Amy Simonne, Ph.D., Associate Professor, Food Safety and Quality
Research showed that foodborne illness or “food poisoning” is more prevalent in warmer weather, and Florida is quite warm in summer. Many bacteria or microorganisms in foods and environment can grow very fast at temperatures from 90 to 110ºF. These temperatures are typical summer temperature in Florida. Here are some simple food safety tips for summer.

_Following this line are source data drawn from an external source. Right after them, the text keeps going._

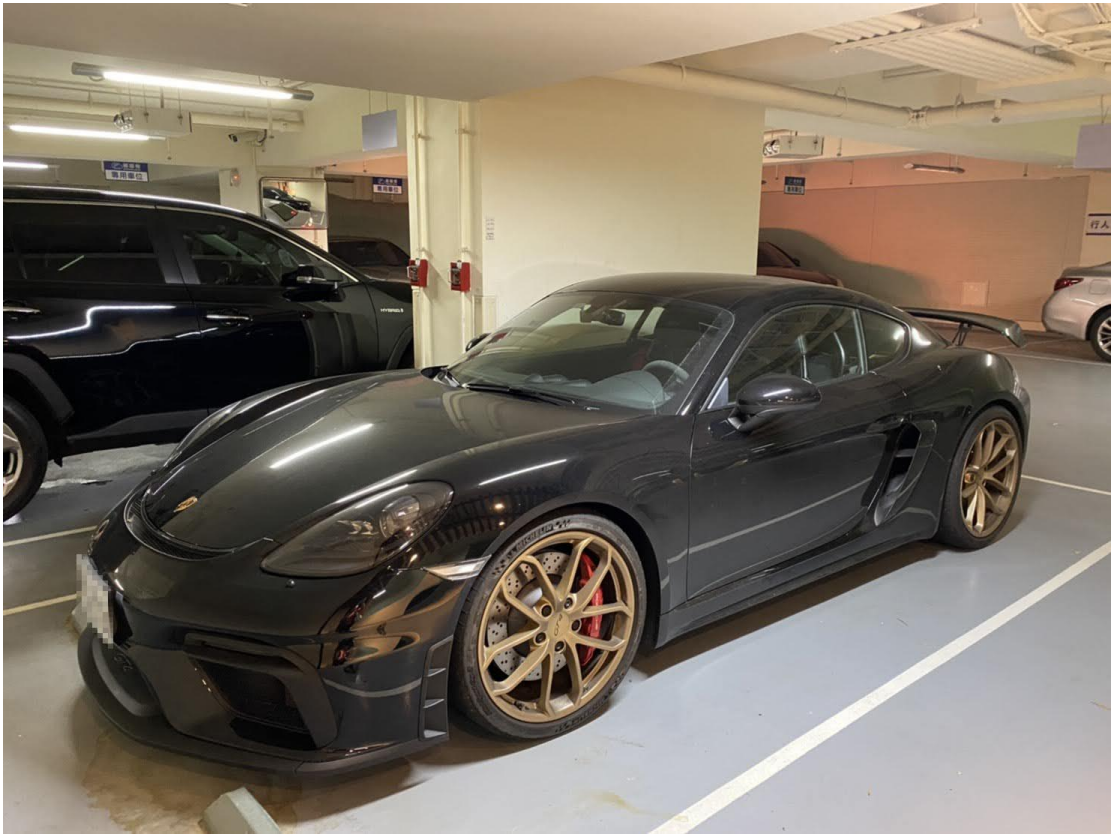
義務人名下的 Porsche 名車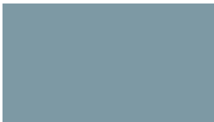
4246/4246 Zielony (WEFA-422234)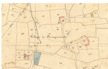
Le bâtiment sur le cadastre de 1835 IVR53_20053518912NUCA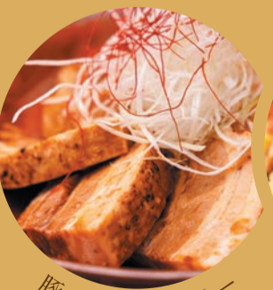
豚バラ肉のラフテー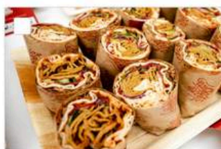
Vöner Kebab Mini-Wrap-Platte (vegan) mit veganem Vöner Kebab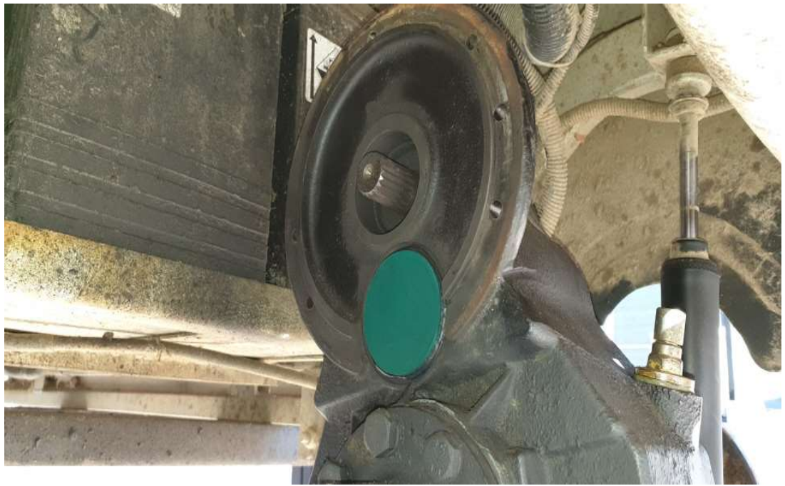
디퍼런셜 씰링 작업후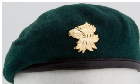
Rannikkojääkärien baretti ja lakkimerkki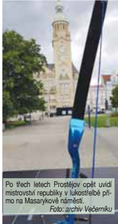
Po třech letech Prostějov opět uvidí mistrovství republiky v lukostřelbě přímo na Masarykově náměstí.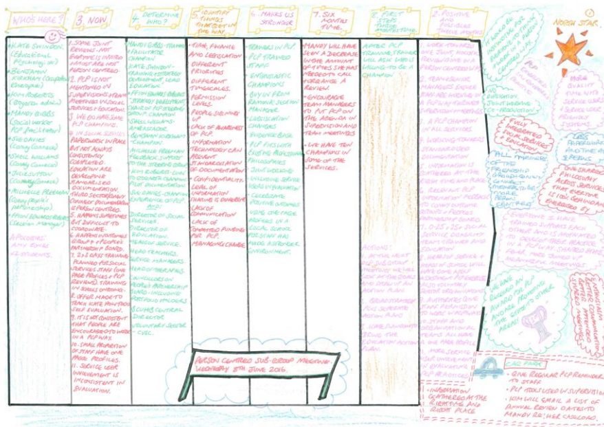
(Ffotograff LLWYBR Grŵp Llywio CCU: hwyluswyd a chofnodwyd trwy garedigrwydd Cyswllt Conwy, Mehefin 2016).

Lluniwyd y deilliannau a'r gweithredoedd canlynol gan y grŵp llywio yn defnyddio fersiwn sefydliadol sy'n canolbwyntio ar yr unigolyn o'r adnodd cynllunio 'LLWYBR'. Maent yn anelu i'n symud yn agosach at weledigaeth y strategaeth a ddisgrifir uchod. Anelwn i gwblhau'r gweithredoedd erbyn Gorffennaf 2017 neu ynghynt.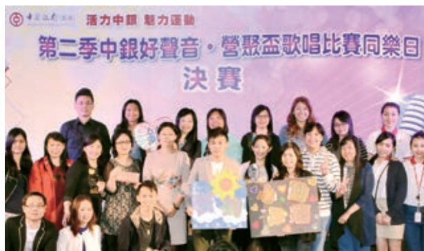
中銀好聲音歌唱比賽在美妙歌韻下圓滿完成，比賽吸引超過100名參賽者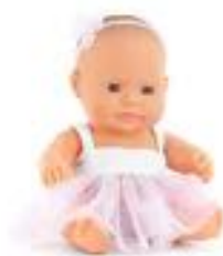
BABY EUROPEA NIÑA CON ROPA REF 1-33001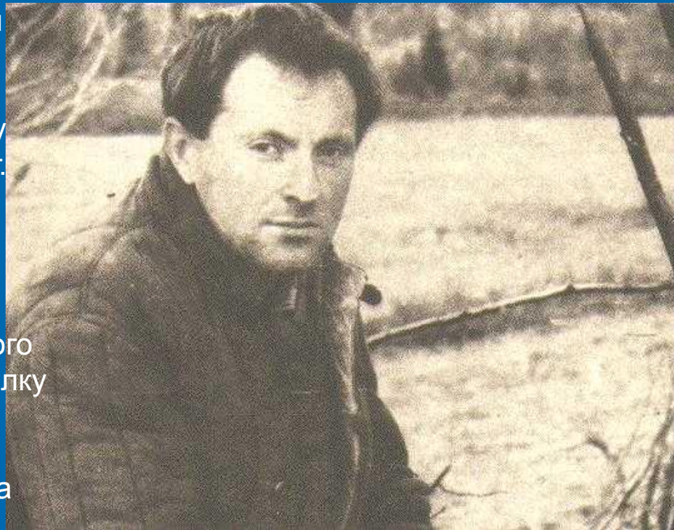
Бродский на полевых работах в ссылке.

Годы спустя в интервью Майклу Скаммелю на вопрос: «Как на Вашу работу повлияли суд и заключение?» Бродский ответил: «Вы знаете, я думаю, это даже пошло мне на пользу, потому что те два года, которые я провел в деревне, – самое лучшее время моей жизни. Я работал тогда больше, чем когда бы то ни было. Днем мне приходилось выполнять физическую работу, но поскольку это был труд в сельском хозяйстве, а не работа на заводе, существовало много периодов отдыха, когда делать нам было нечего».

- Wash your hands with clean potable water and soap often, especially before eating or preparing foods. (http://edis.ifas.ufl.edu/FY725)
- If there is no clean water to wash your hands, use alcohol-based gel to clean hands.
- Keep the hand sanitizers away from small children and follow directions carefully.
- When temperature is above 90ºF, perishable foods should not be left out for more than 1 hour.
- Safe shelf-life of perishable food is a combination of time and temperature. Discard your perishable foods if it has been on a picnic table for a long time! If in doubts, throw it out!
- Ice is a food! Handle ice as you would handle foods. Ice that is used for cooling drinks and other foods should not be use in your drink! Consider putting other perishable food in a separate cooler. Keep ice for drinking separate from ice for cooling food.
- If your family enjoys eating home made ice cream in summer, follow safe handling of eggs.
- Follow safe handling of fresh fruits and vegetable to reduce the risk of foodborne illness!
- At family picnics, teach your children and family member the important of good personal hygiene and serving etiquette to prevent some potential cross-contamination of germs from your hands to others!